Ultimately, as you'll see, I accomplished my goal to implement a data-abort exception handler that provides insight into the fault using a simple RS-232 connection to my PC instead of any high-level debugging tool (such as a debugger connected to JTAG port).

Exception handlers
Of the six exceptions that an ARM-based processor can raise, two abort exceptions signal that the current memory access cannot be successfully completed. The first one, data-abort exception, has the second-highest priority, just after reset, as shown in Figure 1. This exception conveys that the data access transaction was unsuccessful. The second is the prefetch-abort exception, which has the second-lowest priority, just one notch above the software interrupts. This abort is invoked when the processor is unable to fetch an instruction from memory. In this article, I concentrate on explaining why data-abort exceptions occur; the prefetch-abort exceptions are beyond our scope.

View the full-size image

Many 32-bit embedded systems use a real-time operating system (RTOS), but not every RTOS comes with a data-abort exception handler, thus putting the responsibility for those aborts in the hands of the programmer. After all, the experts tell us "efficient handlers can dramatically improve system performance."2

Figure 2 shows a sneak-preview of the data-abort exception handler's output.

View the full-size image

The exception handler is a simple UART driver that performs a register dump with the disassembled instruction that caused the data-abort exception. For example:

Processor aborted due to execution of instruction stmeqia located at address 0x0000 0230. Reason: a memory write was initiated at the top of SRAM (register r8=r7, before write) extended into Reserved Area range (register r8, after write).
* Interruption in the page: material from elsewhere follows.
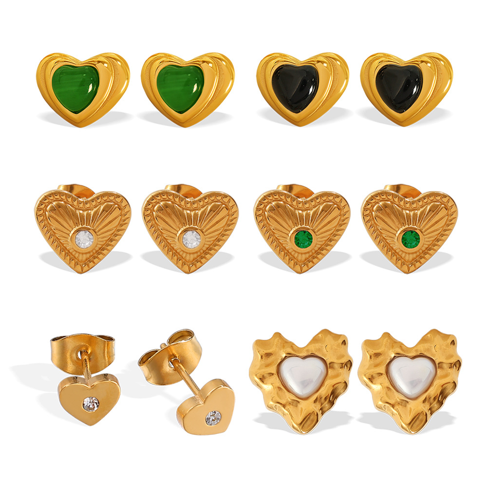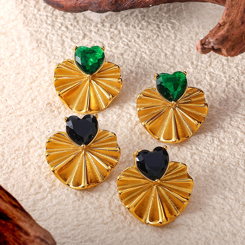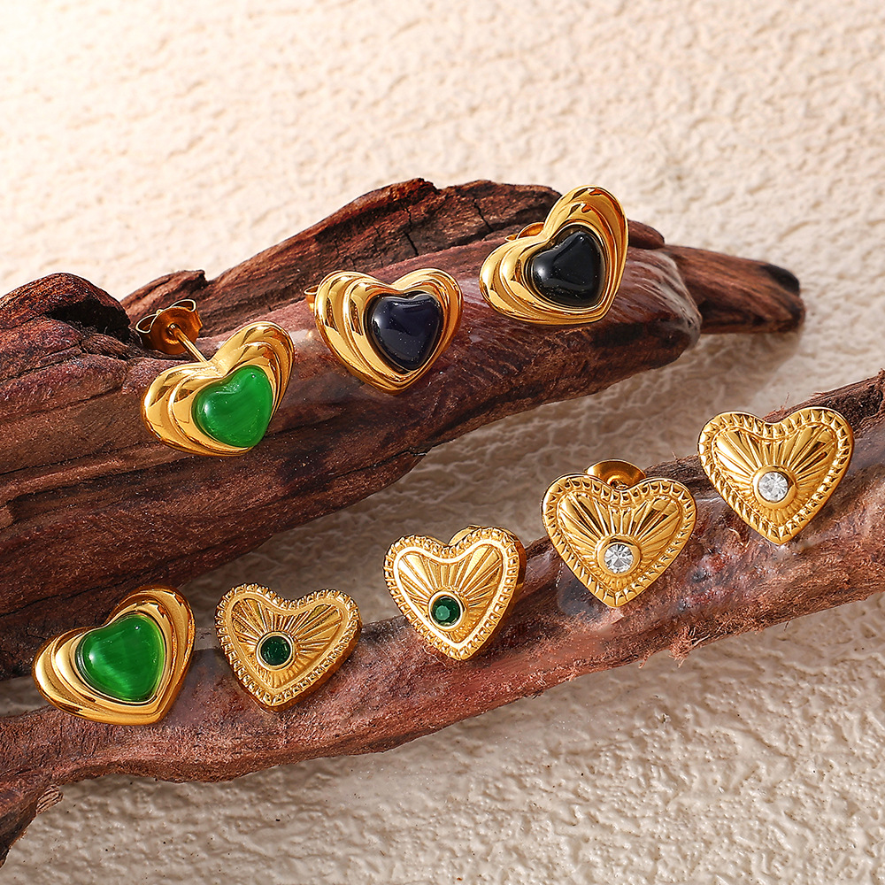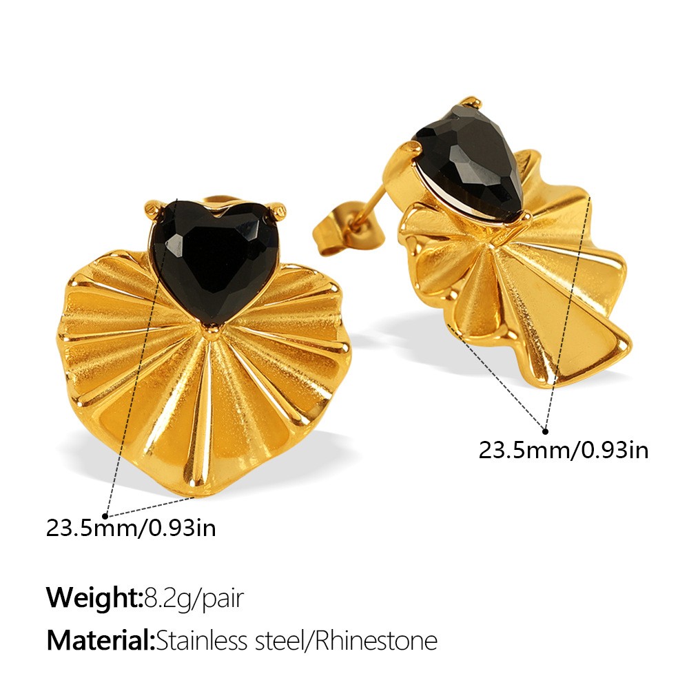 clou d'oreille en acier inoxydable avec stras, avec argile, acier inoxydable puce boucle d'oreille, coeur, avec strass, protéger l'environnement, sans nickel, plomb et cadmium 0.7mm, Vendu par paire

ARMed with a brief history
During the past decades, the ARM architecture has undergone numerous revisions to the instruction set and hardware design. One of the many significant hardware changes was a move from the von Neumann architecture of ARM7 to the Harvard architecture starting with ARM9. Similarly, the Thumb-2 instruction set is the latest advancement and improvement of the first Thumb instruction set.
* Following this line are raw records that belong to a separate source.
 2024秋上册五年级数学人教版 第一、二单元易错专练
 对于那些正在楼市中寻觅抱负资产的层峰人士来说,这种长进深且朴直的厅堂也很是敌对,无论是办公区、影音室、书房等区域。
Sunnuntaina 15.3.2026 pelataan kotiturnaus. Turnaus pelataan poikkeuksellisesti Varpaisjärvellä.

ARM processors are used in a system-on-chip (SoC) custom/proprietary designs (such as iPod, cell phones, hard disks) and in general purpose off-the-shelf MCUs. In either case, the ARM processor is in the center of a larger system. One of the synonyms for "system" is "complex." In a context of the data and prefetch aborts, dealing with both exceptions can be complex. Yet, they are both conditionally invoked based on a state of only one simple input to the ARM core--the ABORT signal asserted by the memory subsystem, shown in Figure 3. It forces the ARM core to respond to an event evaluated by the memory sub-system as a fault. In other words, what constitutes a failed memory transaction is decided not by the ARM core, but by the memory subsystem: its design and level of intelligence. The more the memory controller scrutinizes the ARM core's requested address, the easier it will be for the programmer to pinpoint a fault in the software (or hardware) that causes the abort exception. The ARM core's response to unsuccessfully completed memory transaction is uniform across all versions. However, the memory subsystem design's common point is only the ABORT output.
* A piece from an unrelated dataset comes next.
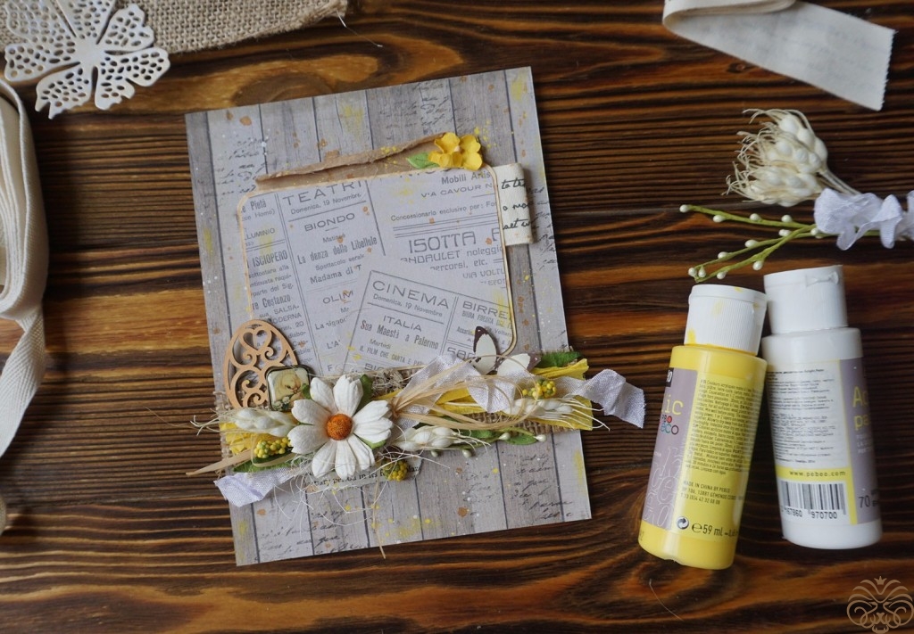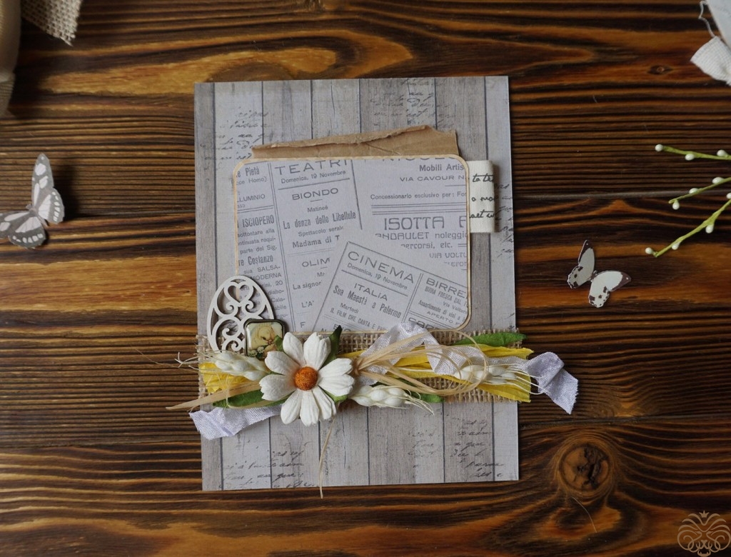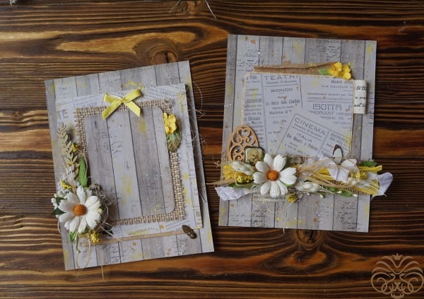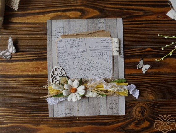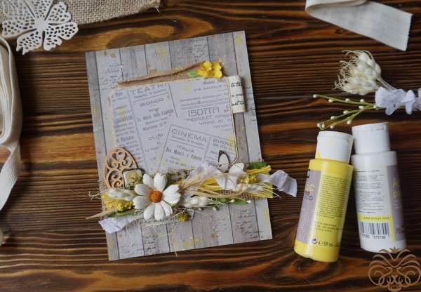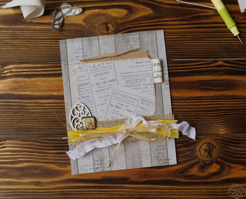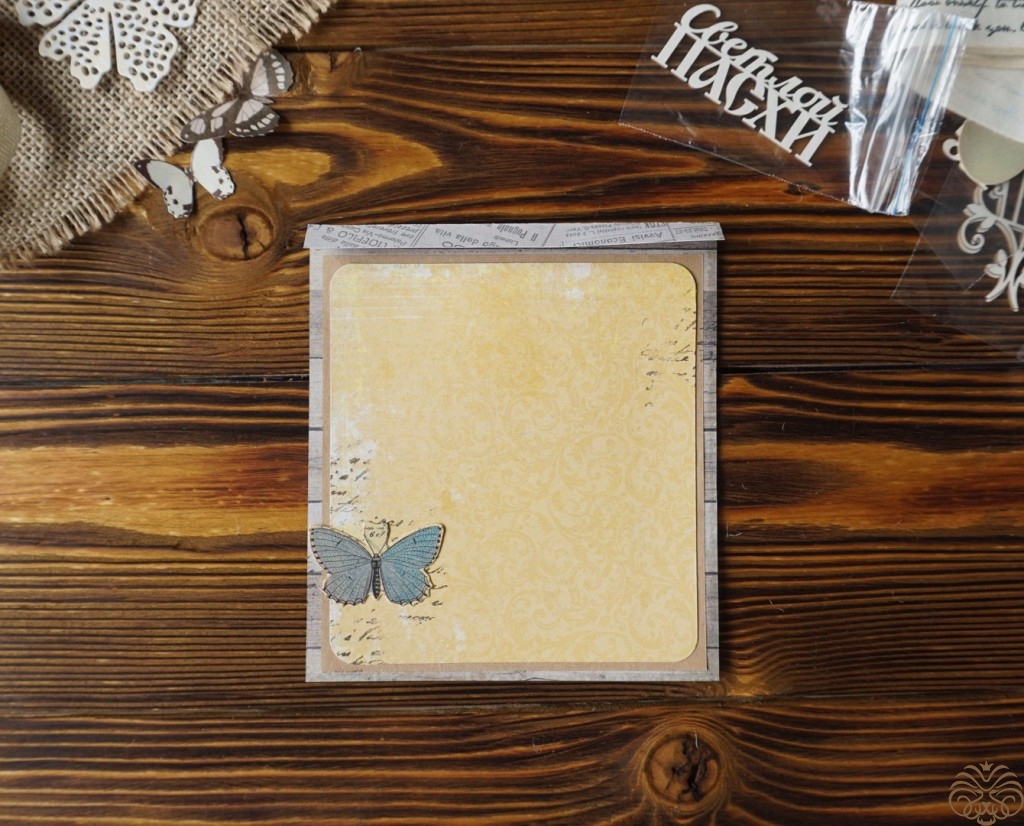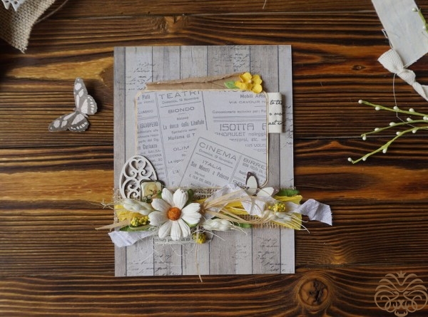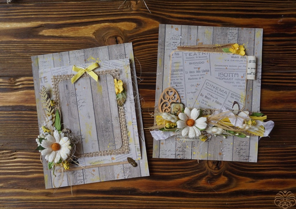 В альбоме, кроме мест для фотографий есть два больших кармана для тегов с рецептами, достаточно вместительный конвертик и открывашка с местом для записей. Я выбрала эко-тему, поэтому использовала деревянные фоны, лен, мешковину, различные натуральные материалы.

I've used the LPC 2148 as a primary test subject for this article. The LPC 2148 silicon design lacking any advanced memory controller features makes the handling of data-abort exceptions somewhat limited and challenging, as we'll see soon. Briefly, the key features of the LPC 2148 are:

  • A simple three-stage instruction pipeline
  • No cache, MMU or MPU
  • 512KB internal flash
  • 32KB + 8KB of internal SRAM, USB interface
  • A convenient UART-based boot-loader

Let's begin by taking an inventory of instructions that are capable of raising a data-abort exception. These instructions listed in Table 1.

View the full-size image

For quick reference, I've included page numbers from David Seal's ARM Architectural Reference Manual (also known as the ARM ARM).3 For completeness, I've listed two coprocessor-related instructions LDC/STC of Addressing Mode 5, even though the MCU used in development of this data-abort exception handler doesn't have one.

How exceptions are raised
As I said earlier, a data-abort exception is a response from a memory system to an invalid memory access. For our discussion, it's useful to itemize the generic memory access as a "read" (load) and a "write" (store). Under certain circumstances, these instructions behave differently, as I'll explain later. Let's begin with a few simple definitions.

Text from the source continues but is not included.